The initial investment is incredibly high, both in dollars and in energy spent. That's because absolutely everything has to be launched from Earth and soft-landed on the moon until a working base can be set up. Think of how many TONS of equipment and supplies would be needed to construct even a small factory on the moon. And all of it has to be able to function long term in the incredibly hostile lunar environment.

And after you get that all set up and working, there are still two big problems:

1) The lunar day is two weeks long - and so is the lunar night.

2) Anything you manufacture on the moon will have incredibly high shipping costs to get it back to Earth.

Making solar panels here on earth is easy; the problem is making millions of them at a low price.

"Computers - new tech (organic-based) can reduce power requirements, as could better software (instead of Windows bloatware) so computers can do more with the same power."

Current computers use about the same energy as their predecessors, but do far more. Turning them off when not in use can save enormous amounts of energy - but people have to do it!

The real question is: How many computers do we really need? Does EVERYTHING need a microprocessor?

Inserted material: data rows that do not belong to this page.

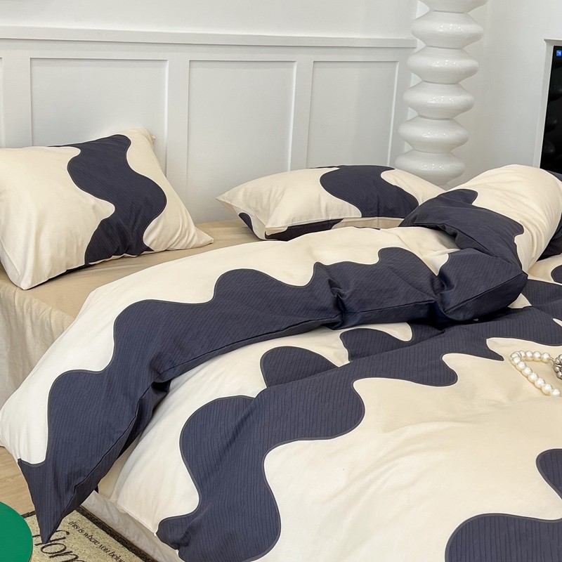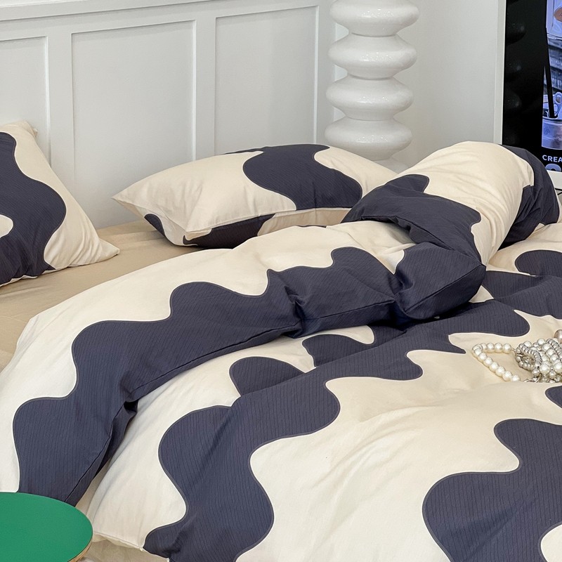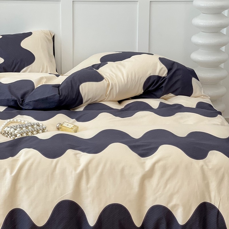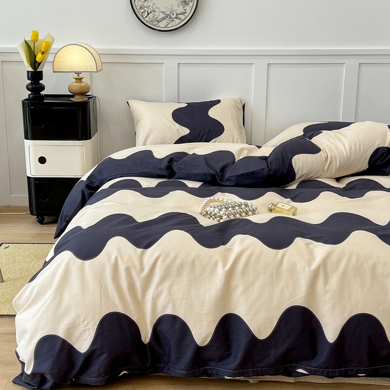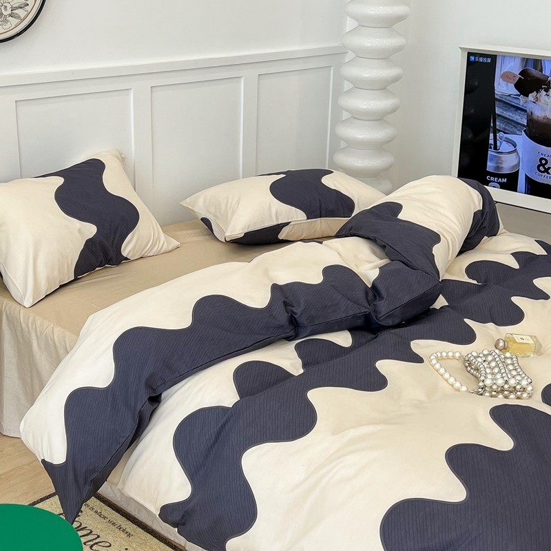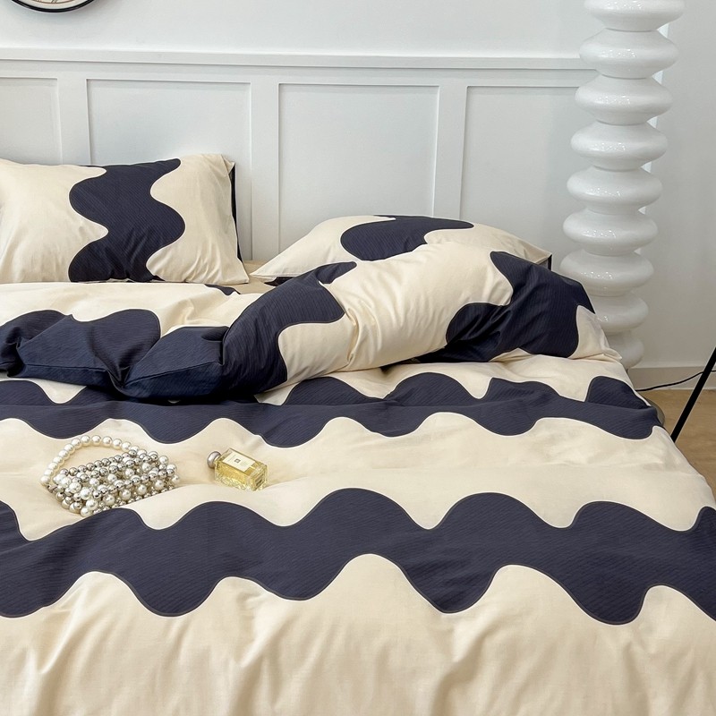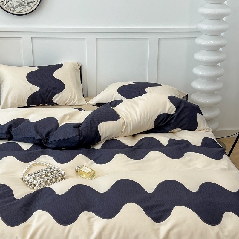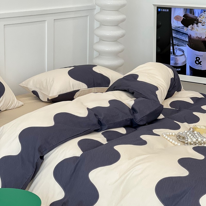 昔可 2022新款全棉简约波纹系列四件套 黑波纹
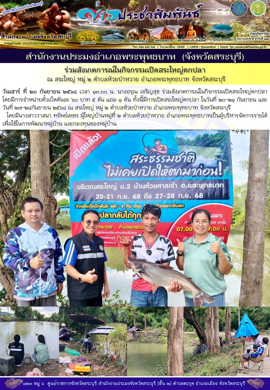 วันเสาร์ ที่ ๒๐ กันยายน ๒๕๖๘ เวลา ๑๓.๐๐ น. นางอรุณ เจริญสุข ร่วมสังเกตการณ์ในกิจกรรมเปิดสระใหญ่ตกปลา โดยมีการจำหน่ายตั๋วเบ็ดคันละ ๖๐ บาท ๕ คัน แถม ๑ คัน ทั้งนี้มีการเปิดสระใหญ่ตกปลา ในวันที่ ๒๐-๒๑ กันยายน และ วันที่ ๒๗-๒๘ กันยายน ๒๕๖๘ ณ สระใหญ่ หมู่ ๒ ตำบลห้วยป่าหวาย อำเภอพระพุทธบาท จังหวัดสระบุรี
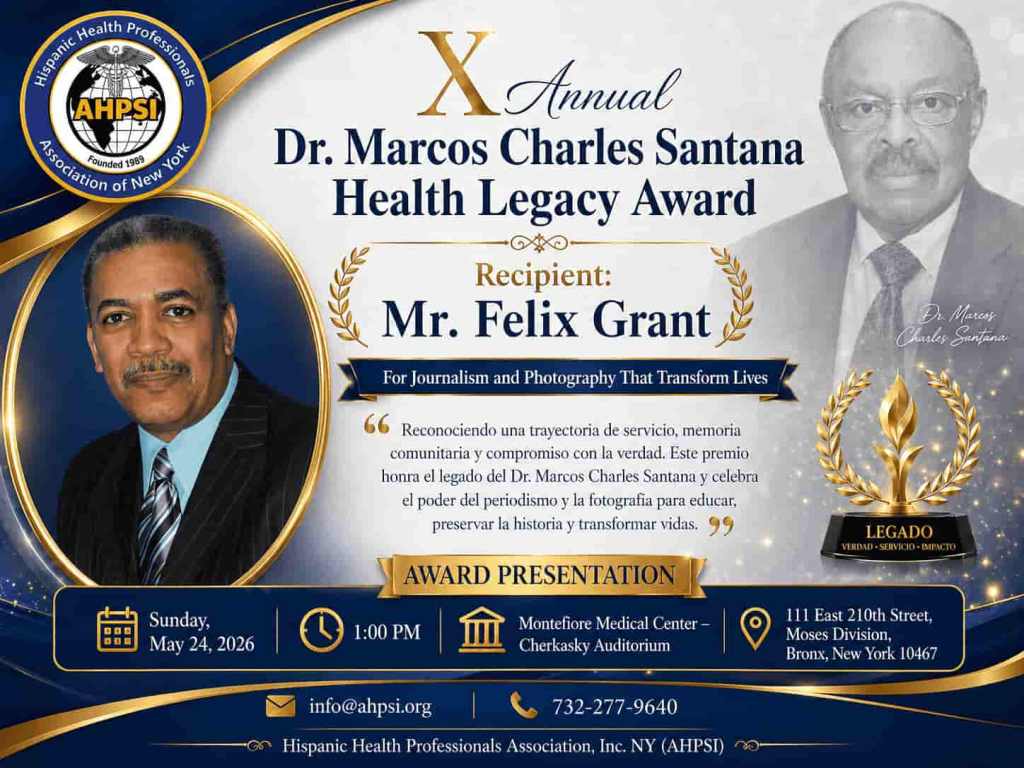 La Asociación Hispana de Profesionales de la Salud, Inc. NY (AHPSI), tiene el alto honor de anunciar que el distinguido periodista, comunicador, fotógrafo y editor dominicano Mr. Félix Grant ha sido seleccionado como recipiente del X Annual Dr. Marcos Charles Santana Health Legacy Award: For Journalism and Photography That Transform Lives.
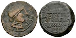Obulco. Unit. 220-20 BC. Porcuna (Jaén). (Abh-1807). (MIB-159/26a). (Acip-2222). Anv.: Female head right, OBVLCO before. Rev.: Plow right above, ear of corn left below; between them, legend L. AIMIL/M. IVNI/AID. Ae. 17,86 g. VF. Est...120,00.
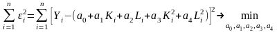 где K – затраты капитала; L – расходы по заработной плате. И функция неувязок имеет вид
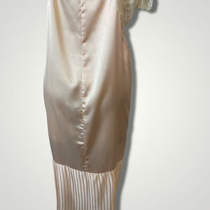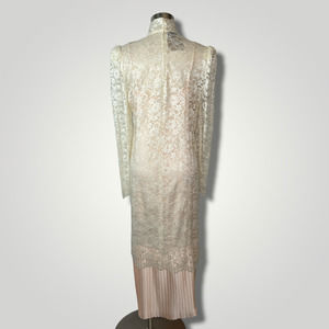 Vintage 1980s Dress Scott McClintock Cream Lace Overlay Pink Slip Pleated B1011
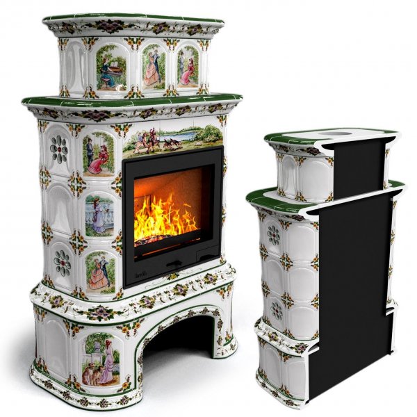 Изразцовый камин Прованс с дровником пристенный двухъярусный Усадьба проверенный временем конвекционный камин производства КимрПечь (г.Кимры).
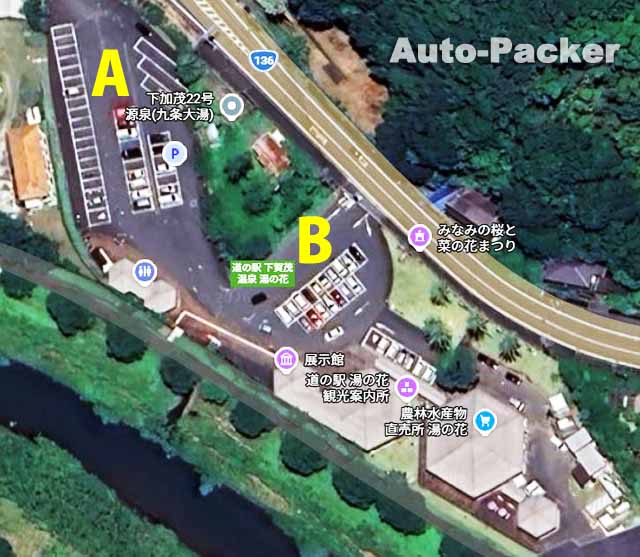 「道の駅 下賀茂温泉湯の花」の駐車場は、AとBの大きく2つのブロックに分かれているが、いずれもフラットで車中泊に支障はない。
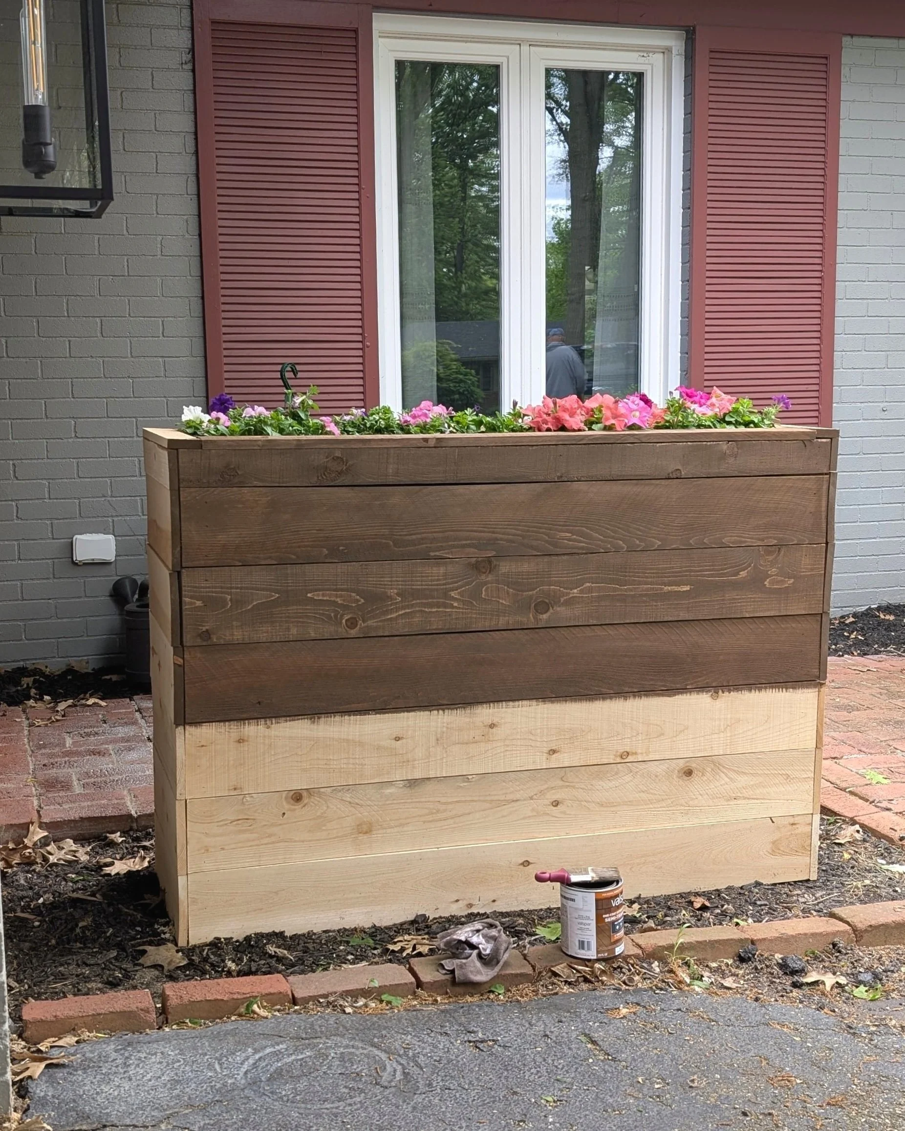 To protect my planter from the elements and tone down the color, I used this semi-transparent stain by Valspar in Chocolate Chip. It was a little more opaque than I wanted, so I brushed it on in small sections and immediately wiped it off with a rag. This gave me exactly the look I was going for (which was lucky since I didn’t sample any other options!)

In the excellent sci-fi spoof series "Red Dwarf", David Lister has a toaster with artificial intelligence. Made the point quite well.

"I think that there is plenty of optimism for techno-salvation. But, it requires some truly revolutionary thinking, and some real belt-tightening in the interim."

Agreed - but it also requires some truly reality-based thinking, not fantasies that defy or ignore basic laws of nature or technological realities.